For element wise differences, Jerry provided an excellent solution. If that's really what you want, this is a perfect way to go.

However, I want to point out that there could be some confusion going on between the element wise difference and the distance between vectors. If you want to calculate the distance of vectors (=you want to find the vector that is closest to the query vector) you need to redefine your calculation:

Consider these 2 vectors:

  • v1: [1 4]
  • v2: [4 1]

Given a query vector q [2 4], it is obvious that v1 is closer than v2, although the sum of the differences is the same:

diff(v1, q) = (1-2) + (4-4) = -1+0 = -1
diff(v2, q) = (4-2) + (1-4) = 2-3 = -1

The problem with your diff-function is, that negative differences should be treated positive if you want to know the distance of the vectors. So using the distance function (=absolute values of the differences) the equations look like this:

dist(v1, q) = abs(1-2) + abs(4-4) = 1+0 = 1
dist(v2, q) = abs(4-2) + abs(1-4) = 2+3 = 5

Now clearly we see that v1 is closer to q.

Again, this might not be an answer to the initial question - just some add on :)

Stefan Woehrer
  • 527
  • 3
  • 11
  • thanks, really well-thought insight. But in this application, a simple element-wise different approach would be a reasonable approximation to the problem I need to deal with. It should be also much more light-weight than classic vector-distance/similarity metrics. – Ziqi Apr 03 '17 at 18:21
  • 1
    i re-thought this and based on your description an "element wise difference" can only be an absolute difference (a difference can never be negative). if an element wise difference is what you "have to" calculate (like if this is your homework hehe), you need to use absolute values. – Stefan Woehrer Apr 06 '17 at 16:00
0

I would like to suggest an unorthodox way of approaching for calculating manhattan distances between a query vector and a set of vectors (m) using GPGPU.

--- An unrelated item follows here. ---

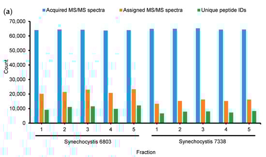 The lists of peptides identified with PeptideProphet and protein groups identified with ProteinProphet at an FDR of ≤0.01 are presented in Tables S1 and S2, respectively. Figure 1 shows the results of proteomic profiling using the 2D-LC system. First, as presented in Figure 1a, the numbers of MS/MS spectra acquired in each run were similar among 10 fractions. Each fraction (MS/MS time ~185-min) resulted in approximately 64,000 acquired MS/MS spectra, equivalent to 320,000 MS/MS spectra per sample. However, the number of assigned MS/MS spectra in Synechocystis 6803 was higher than that of Synechocystis 7338 (21,732 ± 1383 vs. 15,214 ± 1178). In addition, the numbers of unique peptide IDs in Synechocystis 6803 and 7338 were 10,763 ± 1258 and 7658 ± 667, respectively. Thus, the numbers of assigned MS/MS spectra and unique peptide IDs in Synechocystis 6803 were about 1.4-fold higher than those in Synechocystis 7338. It is obvious that, in each strain, the numbers of assigned MS/MS spectra and unique peptide IDs were similar among the five fractions, which indicates the even distribution of peptides following high pH RP fractionation. Furthermore, when using ProteinProphet to identify protein groups in each fraction of two samples, the numbers were similar among fractions (1326, 1468, 1446, 1346, and 1433 for Synechocystis 6803; 1013, 1078, 1090, 1031, and 1174 for Synechocystis 7338). Figure 1b presents the cumulative numbers of identified peptides and protein groups (single hit included) against the number of fractions. The number of peptides increased gradually with the number of fractions for both samples. However, the number of protein groups increased slowly after two fractions as a result of the redundancy of protein groups in the later fractions.

Lets assume that your set of vectors are defined as S(m,n)

S (m,n) = 
   [s_1,1, s_1,2, .... s_1,n

    s_2,1, s_1,2, .... s_2,n

    ....               ....

    s_m,1, s_m,2, .... s_m,n]

First you have to transform your N-dimensional vectors (V1,.. Vn) to N+1 dimensional vectors as (V1,...Vn,1), which can be done in O(m) time.

S'(m,n+1)= 
    [s_1,1, s_1,2, .... s_1,n ,1

     s_2,1, s_1,2, .... s_2,n, 1

     ....               ....

     s_m,1, s_m,2, .... s_m,n ,1]

Then you can translate your set around your query vector Q' = [Q1,..., Qn, 1] using

TQ(n+1,n+1)= 
    [1, 0, .... 0, -Q1

     0, 1, .... 0, -Q2

     ....         ....

     0, 0, .... 1, -Qn
     0, 0, .... 0, 1]

S''(m,n+1)= S'(m,n+1) x TQ(n+1,n+1);

Manhattan Distances can be calculated using the following matrix multiplication:

MD(n+1,1)= 
    [1, 

     1, 

     ...

     1, 
     0]

 S'''(m,1) = S''(m,n+1) x MD(n+1,1)

All matrix multiplication can be done in GPU as stated in Section 3.4 of Matrix computations on the GPU by using CUDA to optimise your processing

Now, the only thing you need to do is to find min(S''') and its corresponding vector which can be done in O(m) time.